*** Begin section ***
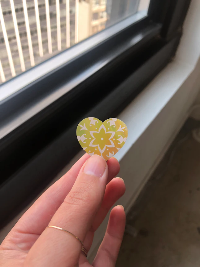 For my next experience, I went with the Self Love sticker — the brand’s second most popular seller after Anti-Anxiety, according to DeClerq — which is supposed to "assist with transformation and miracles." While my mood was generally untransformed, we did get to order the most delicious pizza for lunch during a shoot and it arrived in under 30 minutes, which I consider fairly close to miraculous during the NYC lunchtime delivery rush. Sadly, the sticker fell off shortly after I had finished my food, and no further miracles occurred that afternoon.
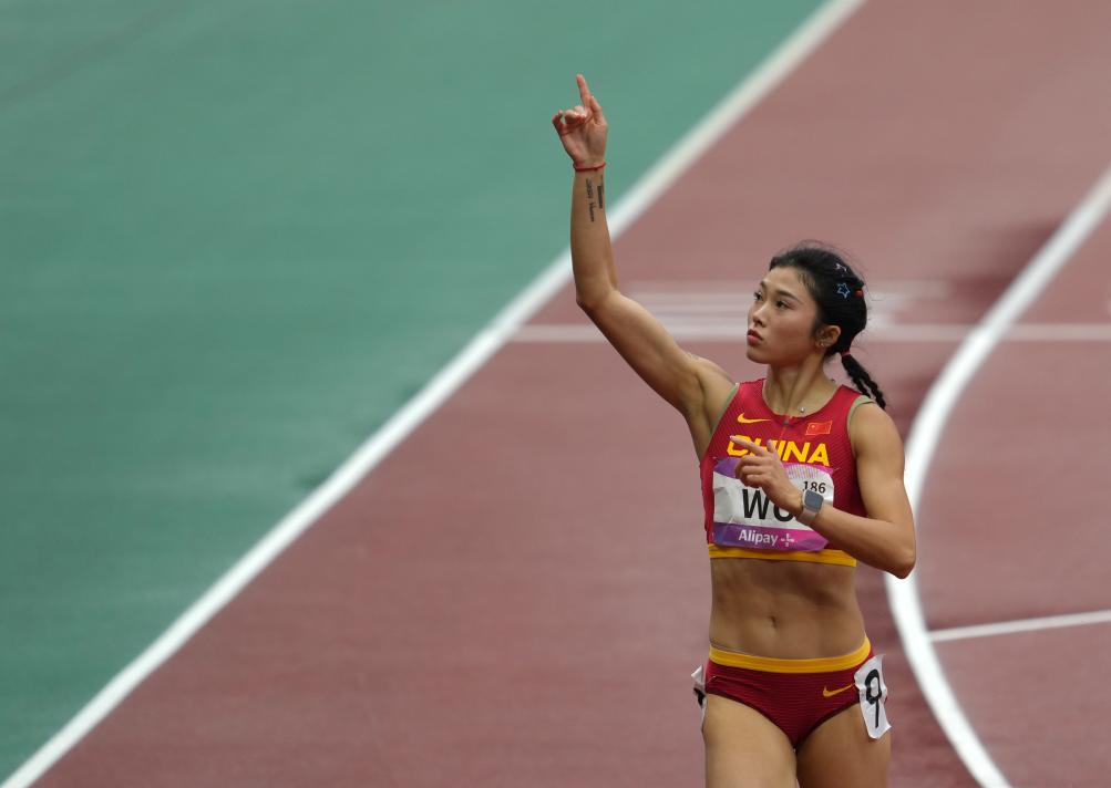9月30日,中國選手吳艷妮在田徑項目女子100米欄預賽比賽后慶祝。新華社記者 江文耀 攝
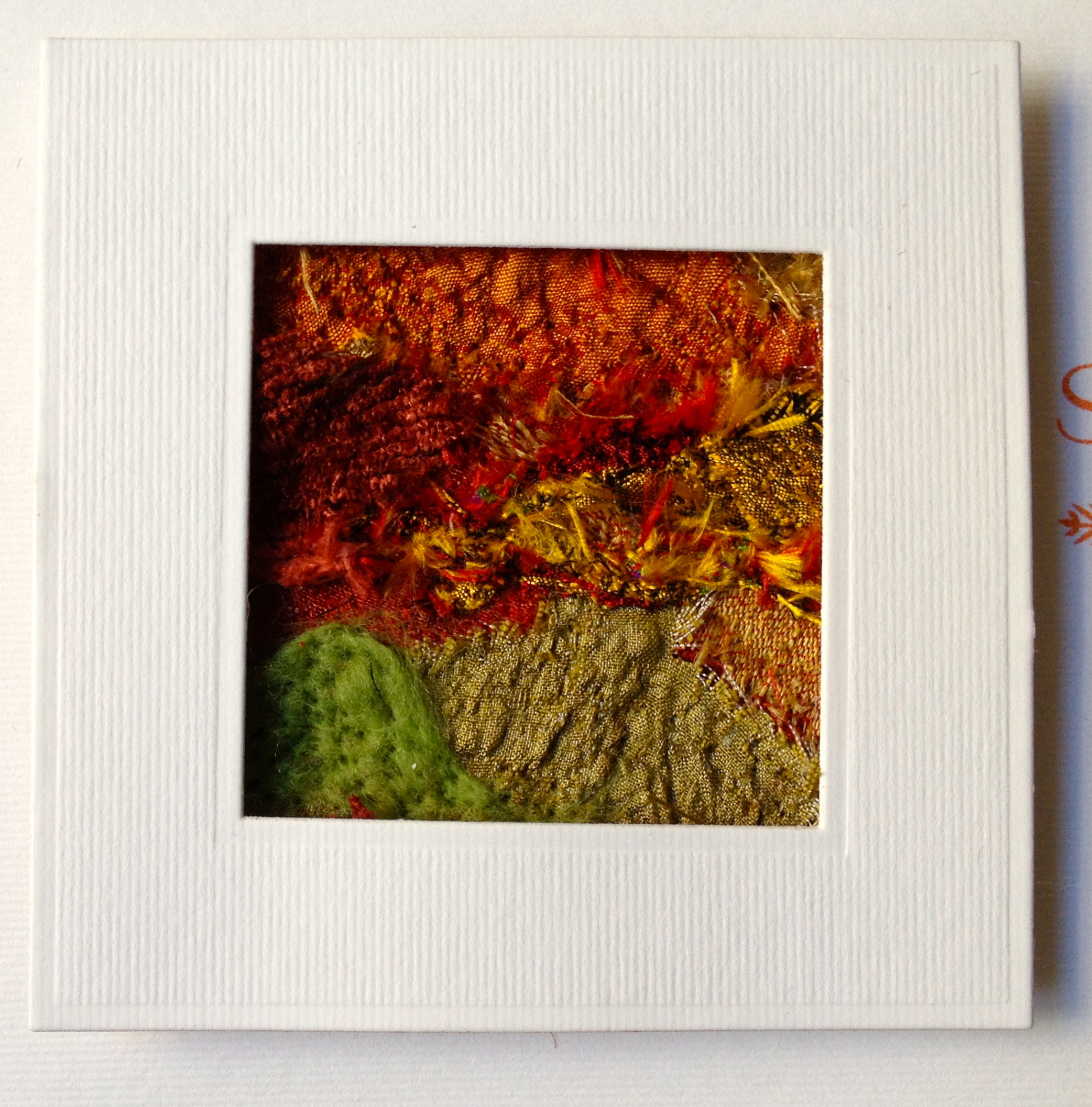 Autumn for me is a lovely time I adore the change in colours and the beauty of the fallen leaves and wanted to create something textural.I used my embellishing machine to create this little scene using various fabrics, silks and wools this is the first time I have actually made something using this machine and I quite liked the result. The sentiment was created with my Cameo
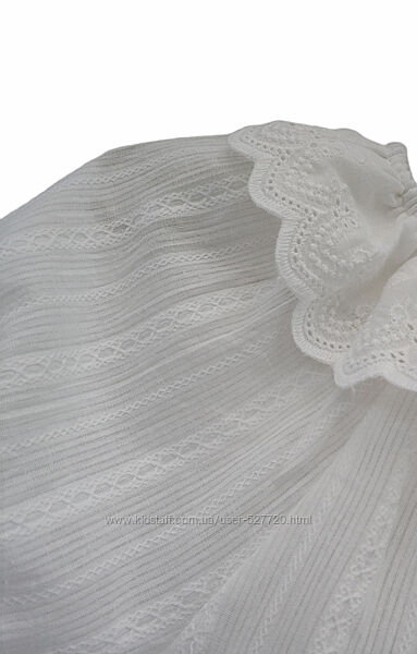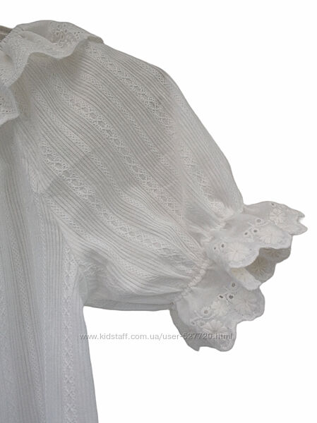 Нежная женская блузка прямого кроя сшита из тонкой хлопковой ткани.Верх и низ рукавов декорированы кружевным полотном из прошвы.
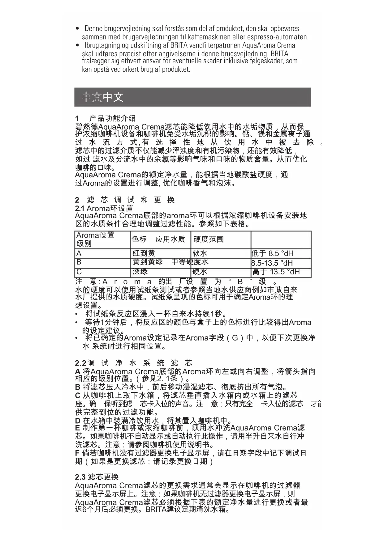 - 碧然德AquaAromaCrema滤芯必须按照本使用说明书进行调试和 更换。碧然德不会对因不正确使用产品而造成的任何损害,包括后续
*** End section ***
*** Begin section ***
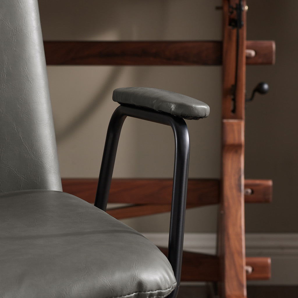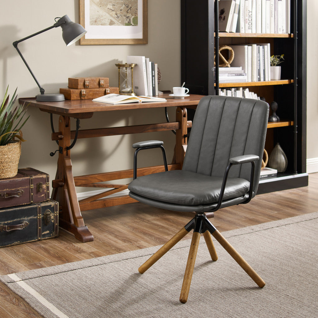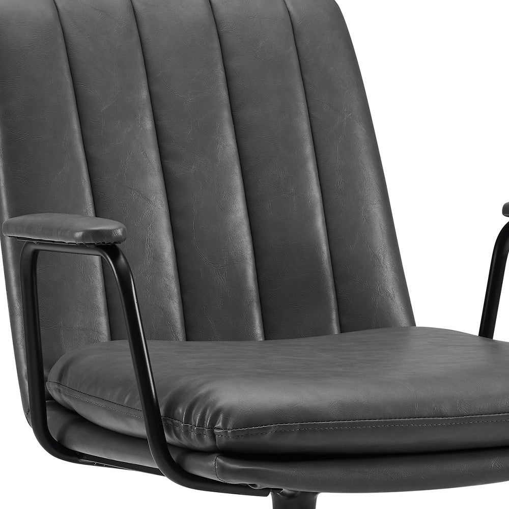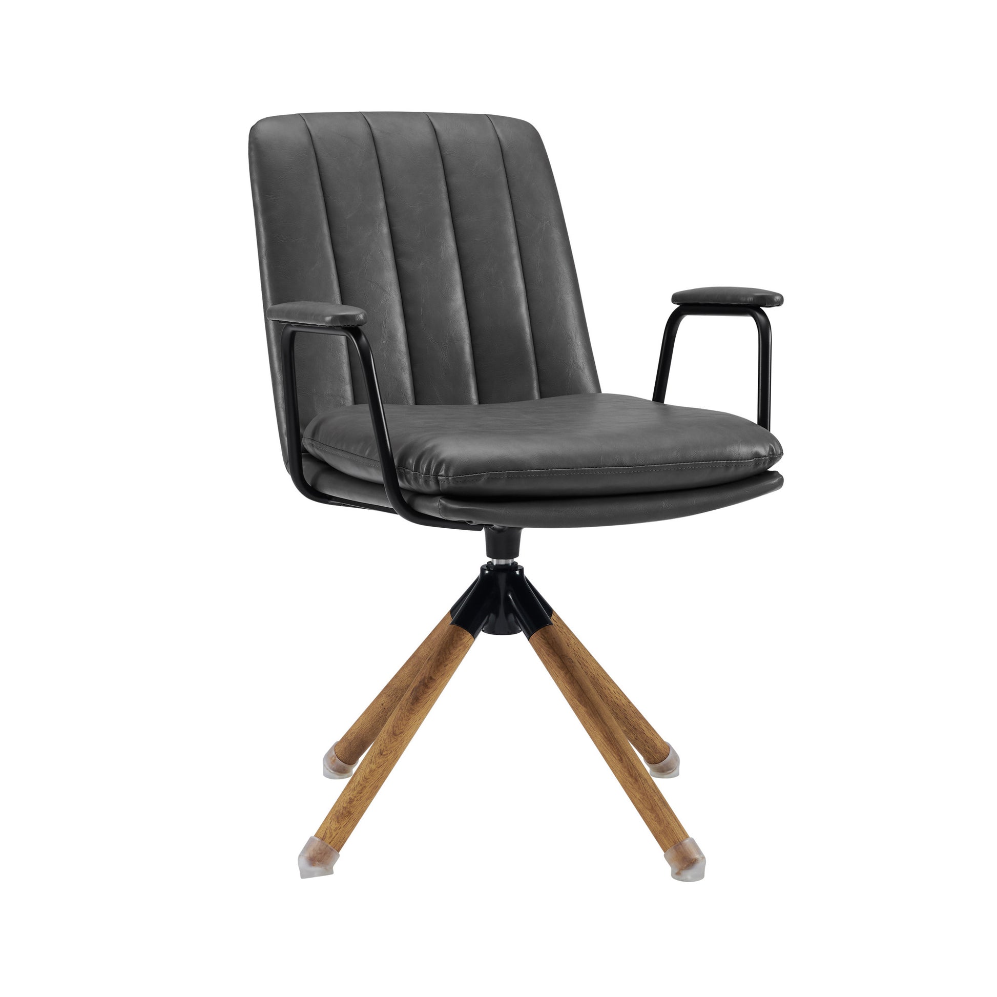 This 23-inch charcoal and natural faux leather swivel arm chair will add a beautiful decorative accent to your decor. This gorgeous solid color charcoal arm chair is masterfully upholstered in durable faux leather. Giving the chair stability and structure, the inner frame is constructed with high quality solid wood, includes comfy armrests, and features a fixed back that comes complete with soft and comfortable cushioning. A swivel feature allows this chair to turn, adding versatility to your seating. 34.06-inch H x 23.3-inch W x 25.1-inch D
*** End section ***
*** Begin section ***
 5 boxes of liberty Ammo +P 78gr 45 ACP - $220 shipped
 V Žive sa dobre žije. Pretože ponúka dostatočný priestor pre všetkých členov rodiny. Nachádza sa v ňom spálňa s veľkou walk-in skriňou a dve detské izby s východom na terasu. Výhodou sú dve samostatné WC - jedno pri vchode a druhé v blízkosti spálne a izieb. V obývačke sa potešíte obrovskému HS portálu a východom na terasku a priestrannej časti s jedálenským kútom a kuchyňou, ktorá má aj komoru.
*** End section ***
In the entries above, find the line with "For my next" and the line with "9月30日,中國選手吳艷妮在田徑項目女子100米欄預賽比賽后慶祝。新華社記者 江文耀 攝". Write out exactly those two lines and every line between them, pictures excluded.

• [ANSWER SPACE]
 For my next experience, I went with the Self Love sticker — the brand’s second most popular seller after Anti-Anxiety, according to DeClerq — which is supposed to "assist with transformation and miracles." While my mood was generally untransformed, we did get to order the most delicious pizza for lunch during a shoot and it arrived in under 30 minutes, which I consider fairly close to miraculous during the NYC lunchtime delivery rush. Sadly, the sticker fell off shortly after I had finished my food, and no further miracles occurred that afternoon.
9月30日,中國選手吳艷妮在田徑項目女子100米欄預賽比賽后慶祝。新華社記者 江文耀 攝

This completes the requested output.